This is a basic `union-find`

problem. Given a graph with points being added, we can at least solve:

- How many islands in total?
- Which island is pointA belonging to?
- Are pointA and pointB connected?

The idea is simple. To represent a list of islands, we use **trees**. i.e., a list of roots. This helps us find the identifier of an island faster. If `roots[c] = p`

means the parent of node c is p, we can climb up the parent chain to find out the identifier of an island, i.e., which island this point belongs to:

```
Do root[root[roots[c]]]... until root[c] == c;
```

To transform the two dimension problem into the classic UF, perform a linear mapping:

```
int id = n * x + y;
```

Initially assume every cell are in non-island set `{-1}`

. When point A is added, we create a new root, i.e., a new island. Then, check if any of its 4 neighbors belong to the same island. If not, `union`

the neighbor by setting the root to be the same. Remember to skip non-island cells.

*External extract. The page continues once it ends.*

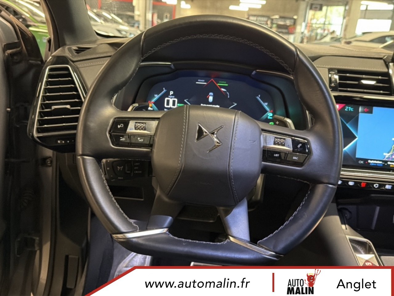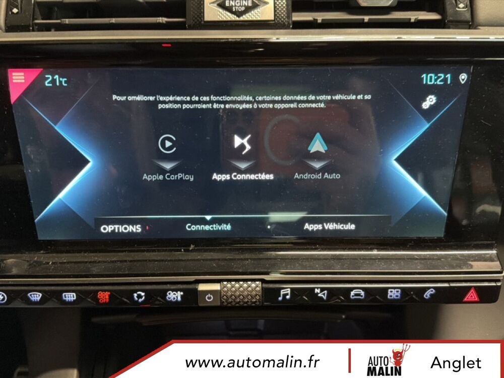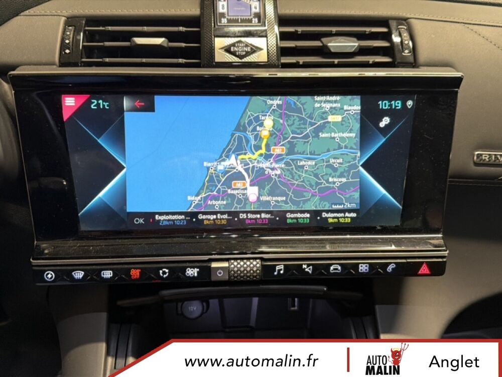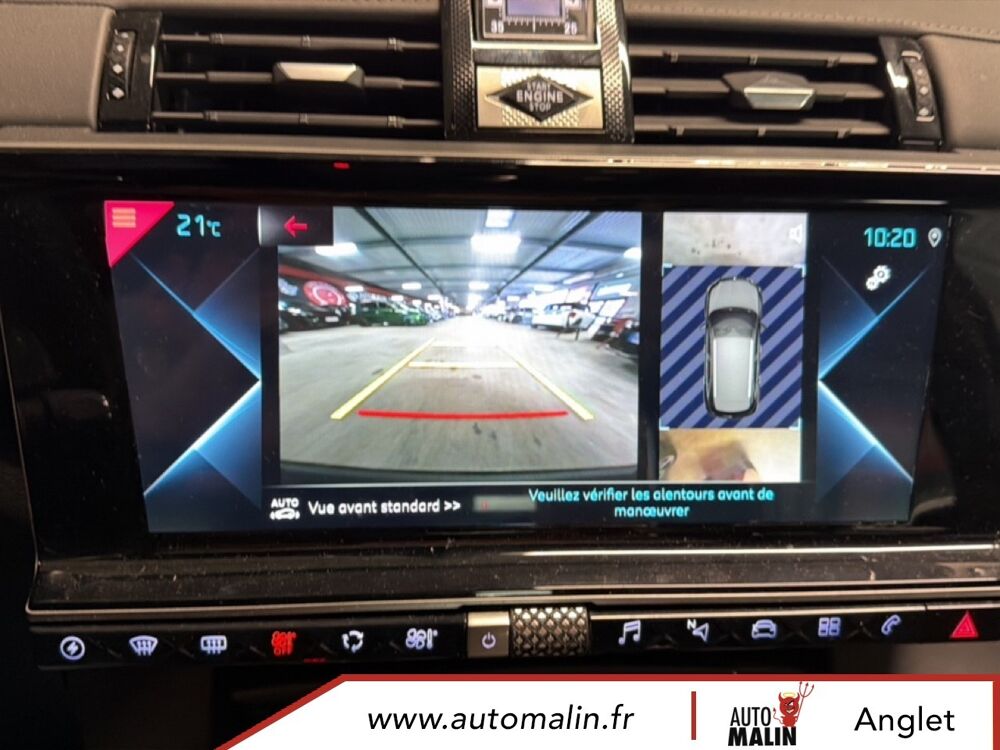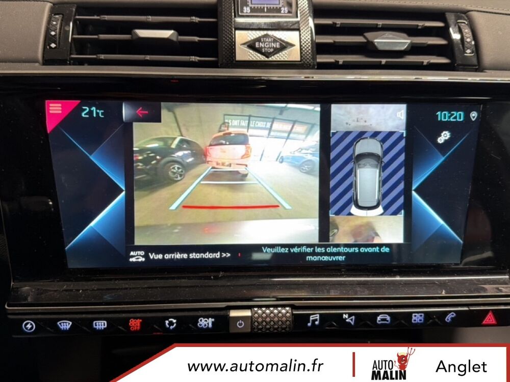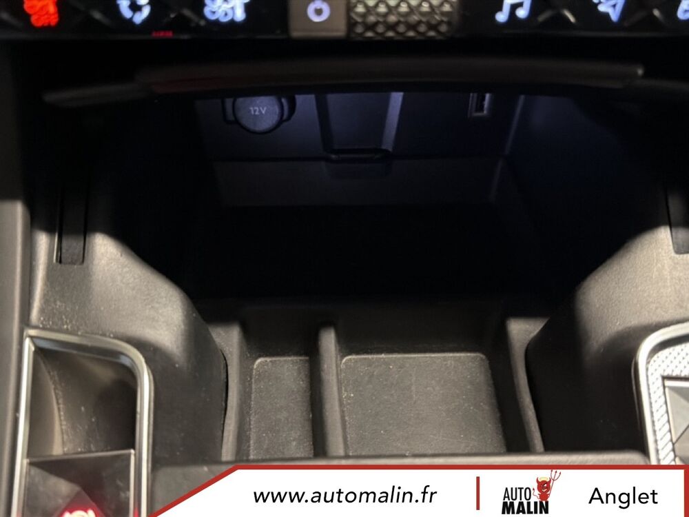 Equipements supplémentaires : ABS avec repartiteur electronique de freinage (REF) et Aide au Freinage d'Urgence (AFU), ABS, AFU, ESP, REF, Acces et demarrage mains libres, Accoudoir central AR avec porte-gobelets, Accoudoir central AV avec rangement, Accoudoir central/de porte similicuir graine et crosses de portes similicuir Noir Basalte, Accoudoir central/de porte TEP Isabella, Aide au demarrage en pente, Aide au stationnement AR, Aide au stationnement AV et AR, Aide au stationnement AV et AR avec Camera de recul, Airbags frontaux aux places AV avec desactivation par cle de l'airbag passager, Airbags rideaux aux places AV, Airbags rideaux aux places AV et AR, Alerte active de franchissement involontaire de ligne, Alerte Attention Conducteur, Alerte Attention Conducteur par camera, Allumage automatique des feux de detresse en cas de forte deceleration, Allumage automatique des projecteurs, Antenne radio integree dans la lunette AR, Aumonieres de dos sur les sieges AV, Avertisseur bi-ton, Badge de planche de bord RIVOLI, Banquette AR 2/3 - 1/3 avec 3 appuie-tete, Banquette AR 2/3 - 1/3 permettant un plancher plat, Banquette AR inclinable electriquement, Banquette AR rabattable depuis le coffre, Barres de toit aluminium, Boite a gants refrigeree, Cable de recharge mode 2 standard 1,8 kW (8 A), Calandre surmontee de l'embleme E-TENSE, Camera de recul, Chargeur embarque de 7,4 kW, Chargeur pour une recharge plus rapide de la batterie, Chargeur sans fil, Clignotants impulsionnels 3 coups, Climatisation automatique bi-zone, Climatisation avec aerateurs aux places AR, Commutation automatique des feux de route, Condamnation automatique des portes, du hayon et de la trappe a carburant en roulant, Controle de stabilite de l'attelage, Controle de traction intelligent, Controle dynamique de stabilite (ESP) avec antipatinage des roues (ASR), Coques de retroviseurs exterieurs Noir Perla Nera, Crochet d'arrimage dans le coffre au dessus du plancher de coffre x4, Detection de sous-gonflage, Direction a assistance variable, Double canule d'echappement chromee, DS ACTIVE LED VISION, DS ACTIVE SCAN SUSPENSION, DS CONNECT NAV avec radio numerique, DS Wings chromees, Eclairage a LED, Eclairage d'accompagnement automatique, Eclairage d'accueil a louverture du vehicule, Eclairage d'accueil automatique, Eclairage d'ambiance integral a LED, Entourage des vitres laterales chrome, Essuie-vitre AV a declenchement et cadencement automatiques, Essuie-vitre AV automatique, Feux AR 3D (traitement ecailles), Feux AR 3D a LED, Feux diurnes a LED, Filtre a odeurs avec charbon actif, Filtre a pollen, Fixations ISOFIX a la place passager AV et aux places laterales AR, Frein de stationnement electrique automatique, Freinage d'urgence automatique, Grille de calandre noir brillant, Guide utilisateur numerique, Hayon motorise, Indicateur de changement de rapport, Indicateur de rapports engages, Interieur Cuir Gris Perle, Interieur Cuir Noir Basalte, Jonc sur volet et bouclier AR chrome, Kit de depannage provisoire de pneumatiques, Leve-vitres AV et AR electriques avec fonction antipincement, Leve-vitres AV/AR electriques, sequentiels et avec fonction antipincement, Limiteur de vitesse, Lunette AR chauffante, Mirror Screen, Montre B.R.M. R180, Navigation, NAVIGATION avec radio numerique, Ouverture et fermeture des vitres a distance, Pack Auto Confort, Pack Modularite, Pack Securite, Pack Securite Etendue avec freinage durgence automatique, Pack Sieges Confort, Pack Sieges Electriques, Palettes au volant, Panneaux de portes en cuir Nappa Gris Perle, Pare-brise acoustique, Pare-brise teinte et acoustique, Pare-soleil rembourres avec eclairage a LED, Pedalier et le repose-pied aluminium, Pieds de retroviseurs exterieurs couleur carrosserie, Planche de bord en Cuir Nappa Gris Perle, Planche de bord en cuir Nappa Noir Basalte, Planche de coffre avec zone de rangement integree pour le cable de recharge, Plancher de coffre modulable a 2 positions, Poignees de portes couleur carrosserie, Prise 12 V, Prise USB Data a l'AV, Prises USB x2 aux places AR, Projecteurs antibrouillard a LED, Radio numerique terrestre (DAB), Rangements lateraux, Rangements lateraux dans le coffre, Reconnaissance des panneaux de vitesse et preconisation, Reconnaissance etendue des panneaux de circulation, Reconnaissance vocale, Regulateur/Limiteur de vitesse, Retroviseur interieur electrochrome sans cadre, Retroviseurs exterieurs rabattables electriquement avec projection au sol du logo DS, Retroviseurs exterieurs rabattables electriquement et indexes a la marche AR avec, Sabot AV finition Gris

**UNION** operation is only changing the root parent so the running time is `O(1)`

.

**FIND** operation is proportional to the depth of the tree. If N is the number of points added, the average running time is `O(logN)`

, and a sequence of `4N`

operations take `O(NlogN)`

. If there is no balancing, the worse case could be `O(N^2)`

.

Remember that one island could have different `roots[node]`

value for each node. Because `roots[node]`

is the parent of the node, not the highest root of the island. To find the actually root, we have to climb up the tree by calling **findIsland** function.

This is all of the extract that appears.